Tiroler Aufdecker Markus Wilhelm stellt seinen Blog ein

Er sehe sich nicht als Journalist, sagte Wilhelm, deckte aber mit seiner publizistischen Arbeit Misstände auf. "dietiwag.org“ soll nun Geschichte sein.

"Der Herr von der Strabag wollte im Frühjahr 2018 kurzen Prozess mit mir machen. Es ist ein sehr langer geworden. Und er hat ihn verloren. Jetzt endgültig." So beginnt der Blogeintrag von Blogger Markus Wilhelm zum Rechtsstreit mit dem Industriellen Hans Peter Haselsteiner. Es soll sein letzter auf dem Blog "dietiwag.org" sein, wie er schreibt: Die Causa um die Tiroler Festspiele Erl sei "ein sehr gelungener Abschluss für die Arbeit an der tiwag.org".

Zum Hintergrund: Wilhelm hatte im Februar 2018 auf seinem Blog erläutert, dass bei den Festspielen Erl der Verdacht auf Lohndumping, Lohnwucher, Scheinselbstständigkeit oder Abgabenhinterziehung bestehe. Das brachte die Causa Erl ins Rollen und dessen künstlerischen Leiter Gustav Kuhn zu Fall. Nun hat nach langer Zeit der Rechtsstreit zwischen Wilhelm und Festspielpräsident und Finanzier Haselsteiner also ein juristisches Ende gefunden. Die Berufung der letzten von insgesamt 18 Klagen wurde abgewiesen.

Das Gericht befand, dass Wilhelm seine Vorwürfe zu Recht erhoben hatte und ein besonderes öffentliches Interesse vorliege. Eine durch "umfangreiche Quellen recherchierte Verdachtslage" habe vorgelegen, "die die öffentliche Berichterstattung unter Beachtung der verfassungsrechtlich garantierten Meinungsfreiheit rechtfertigt", hieß es weiter. Das Gericht vertrat die Ansicht, dass Wilhelm die journalistische Sorgfaltspflicht eingehalten hatte.

Ist Wilhelm ein Journalist?

Als Journalist sehe er sich nicht, hatte der Aufdecker 2019 geschrieben. "Sondern als politischen Aktivisten, der halt schreibt." Es war das Jahr, in dem der Journalisten Club ihm für seine publizistische Arbeit den Prof.-Claus-Gatterer-Preis zuerkennen wollte.

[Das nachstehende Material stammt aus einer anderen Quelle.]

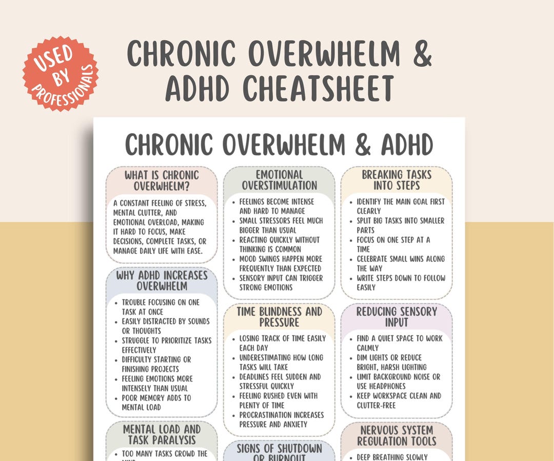 Chronic Overwhelm & ADHD Cheatsheet, Executive Dysfunction Support ...
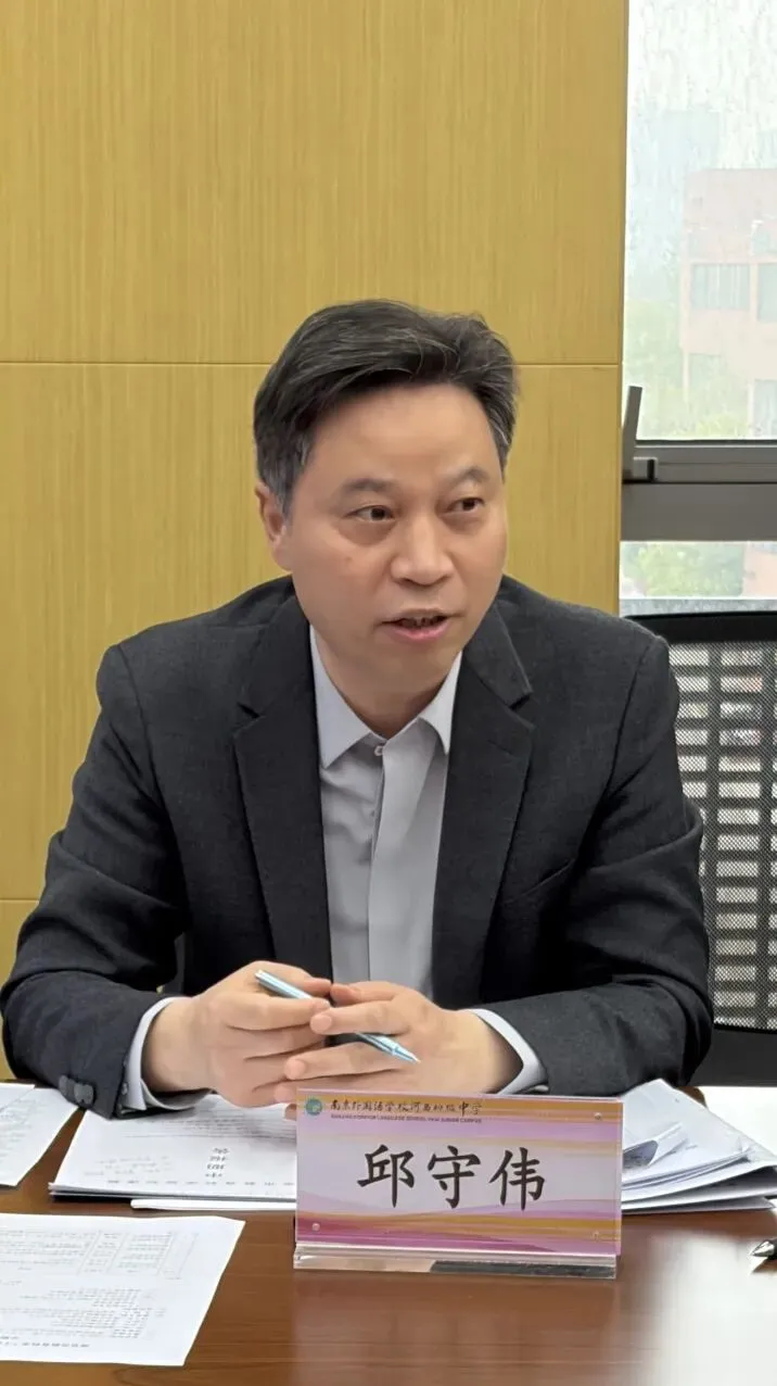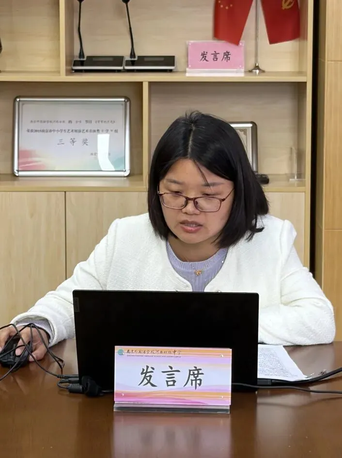 会议由南京外国语学校河西初级中学教研处主任邱守伟主持。他首先介绍了出席本次评估会的论证专家:建邺区教师发展中心叶屏屏老师、南京市陶行 知学校王新芳老师和南京外国语学校河西初级中学邱守伟老师。随后,朱璐副校长代表学校致欢迎辞,对专家组的到来表示热烈欢迎和衷心感谢,强调教育科研对学校发展的重要意义,并预祝各课题组顺利通过中期评估。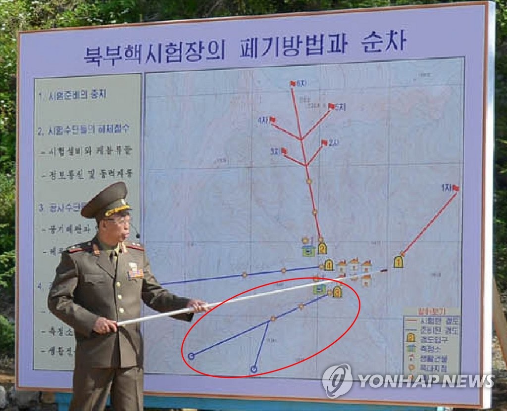 2018年5月24日,朝方邀請外媒記者,介紹豐溪里核試驗場爆破計劃 圖自韓聯社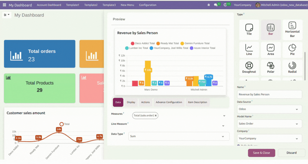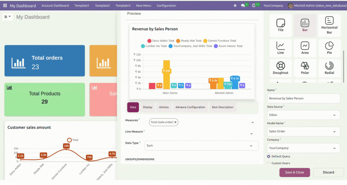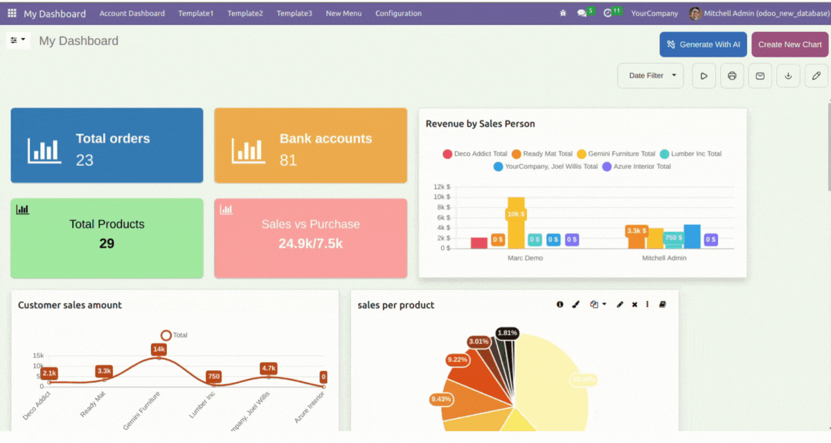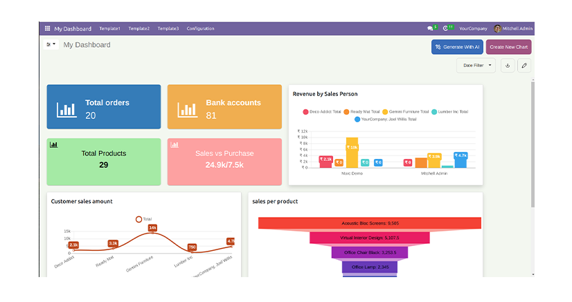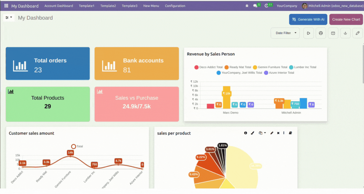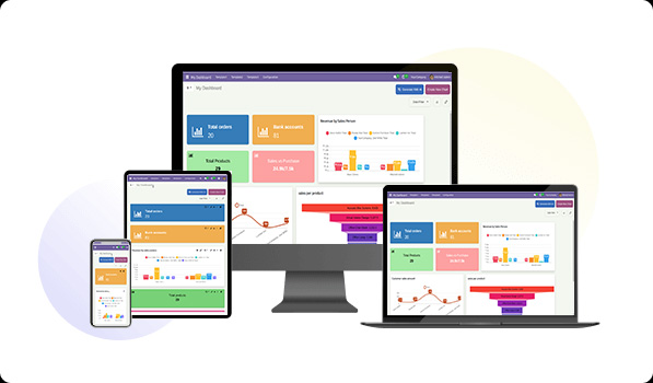 5 Predefined dashboards are provided for different verticals of a company(Sales, CRM, Account, Inventory, & POS). Customize them as per your need.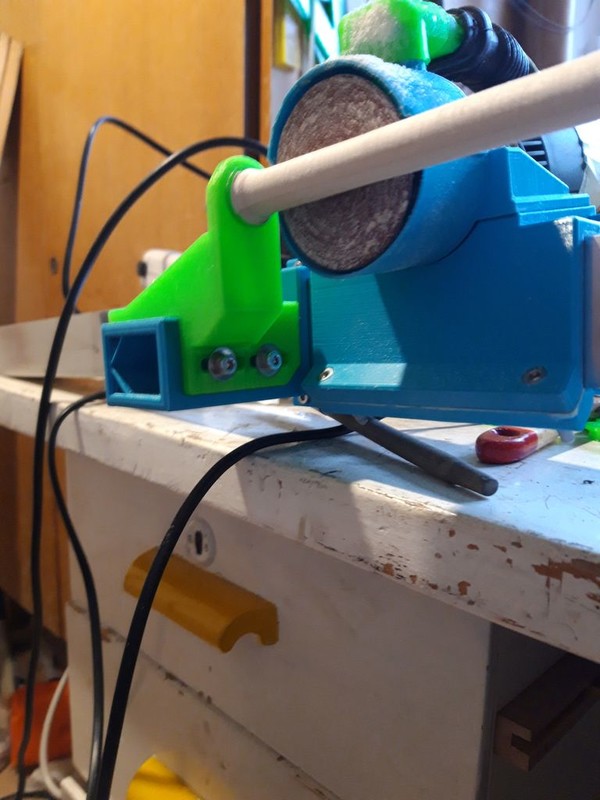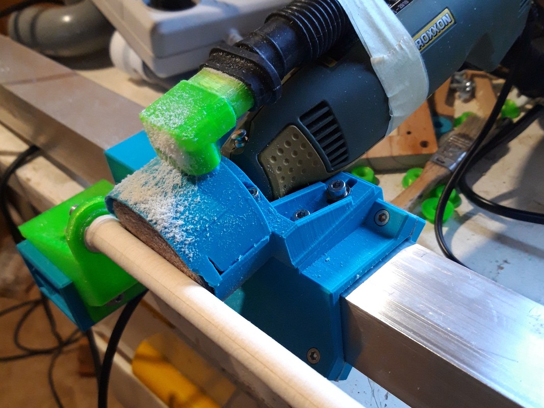 Medzi oboma konzolami je na jekláči posuvne prichytený bežec z niekoľkých častí. Navrhnutý je z troch dielov navzájom spojených skrutkami M4. Spoje medzi dielmi sú volené pod uhlom, takže vložením tenkej fólie (napr. lepiaca páska) je možné dodatočné doladenie tesnosti bežca na jekláči a dosiahnuť potrebnú malú vôľu. Na bežci je posuvne prichytená vrtačko brúska Proxxon (100 W, 230 V). Skúšal som aj slabšiu verziu, ale evidentne nestačila a po pár sekundách bola nepríjemne teplá. Vrtačko brúska má upevňovaciu objímku priemeru 20 mm, pomocou ktorej je prichytená dvoma skrutkami M4 o posuvné sane. Tie nám po povolení štyroch skrutiek M4 umožňujú priečny pohyb vrtačko brúsky a tým aj nastavenie potrebného priemeru výsledného prvku. Na kryte brusného kotúčika je navrhnuté pripojenie odsávania aké používa Proxxon.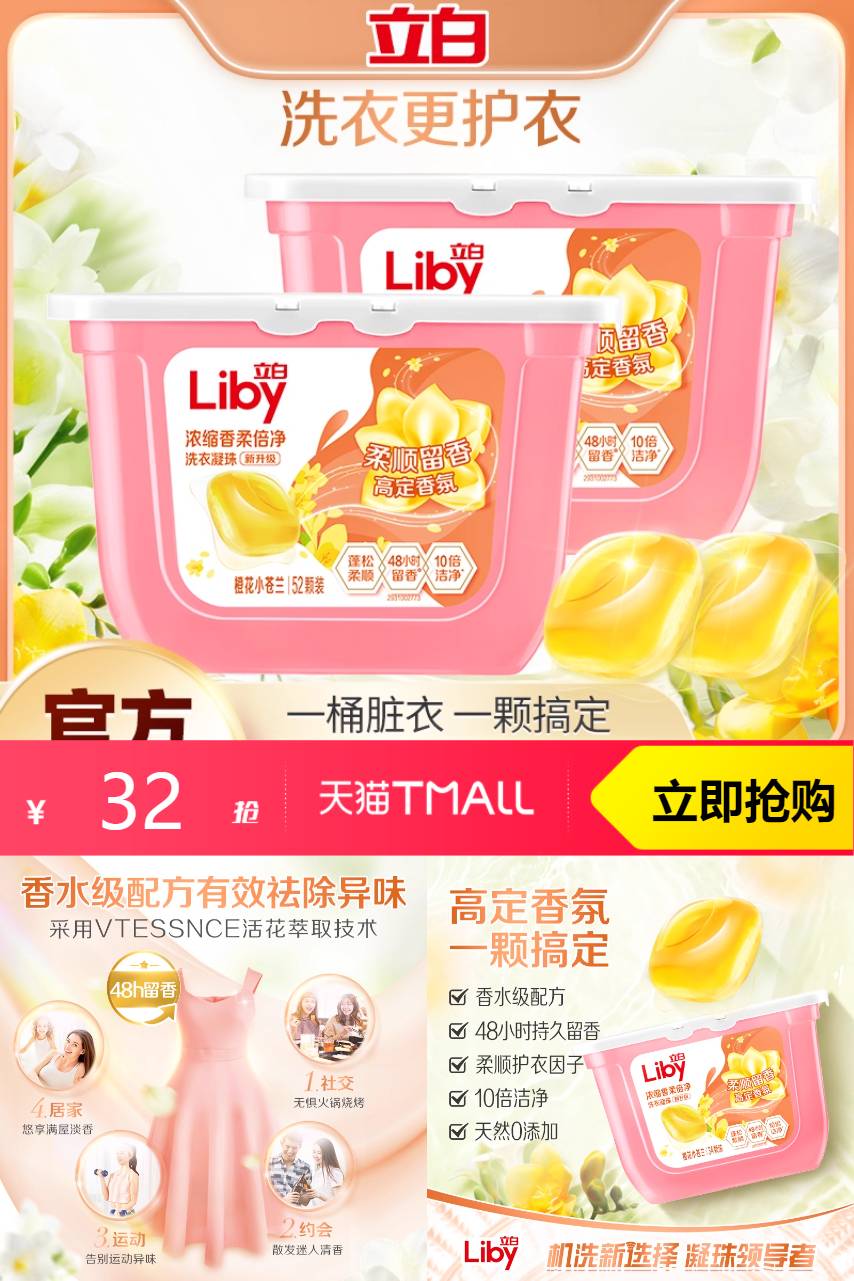 【叠加消费券后26.5,平均到手0.25/颗;到28%】立白小苍兰凝珠香水级配方,有效祛除异味,高定小苍兰随衣而行,除菌除螨!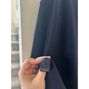 Excellent condition. V-neck, long sleeves, ribbed hems. Extra fine merino wool. Beautiful navy color.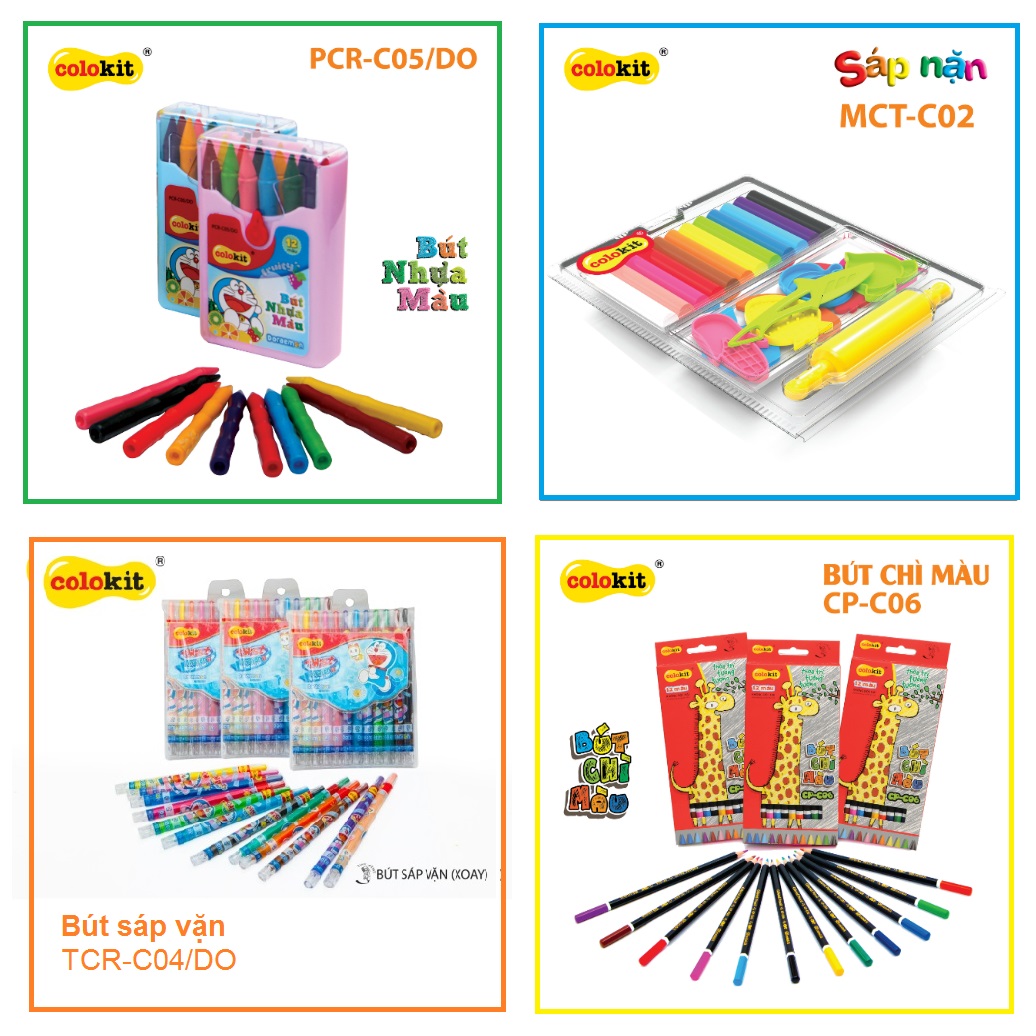 Colokit là nhãn hàng đại diện cho dòng sản phẩm Dụng cụ Mỹ thuật của Thiên Long. Colokit bao gồm các sản phẩm phục vụ cho bộ môn mỹ thuật, sáng tạo như sáp nặn, sáp màu, chì màu, màu nước,… không độc hại cho người sử dụng và thân thiện với môi trường, màu sắc đa đạng, tiện dụng giúp các bạn nhỏ thỏa sức sáng tạo và phát triển tư duy. Các sản phẩm mang nhãn hiệu Colokit an toàn, không độc hại, đạt tiêu chuẩn chất lượng cao của Châu Âu EN 71/3… đã và đang được các phụ huynh tin tưởng đón nhận. |

Was Wilhelm nicht wollte - und "ein großes Missverständnis" nannte. Mit dem Club wollte er ohnehin nichts zu tun haben, legte wenig später auch hier eine Recherche zu sehr fragwürdigen Praktiken vor. Was letztendlich dazu führte, dass ein neuer Gatterer-Preis ausgelobt wurde.

Der Aufdecker betrieb seinen Blog seit 2004, er deckte in dieser Zeit viele Missstände auf, war aber auch vor "dietiwag.org“ schon publizistisch aktiv. Geld hatte er damit nie verdient, berichtet der "Standard". Man wird sehen, inwieweit Wilhelm seine Arbeit weiter betreibt.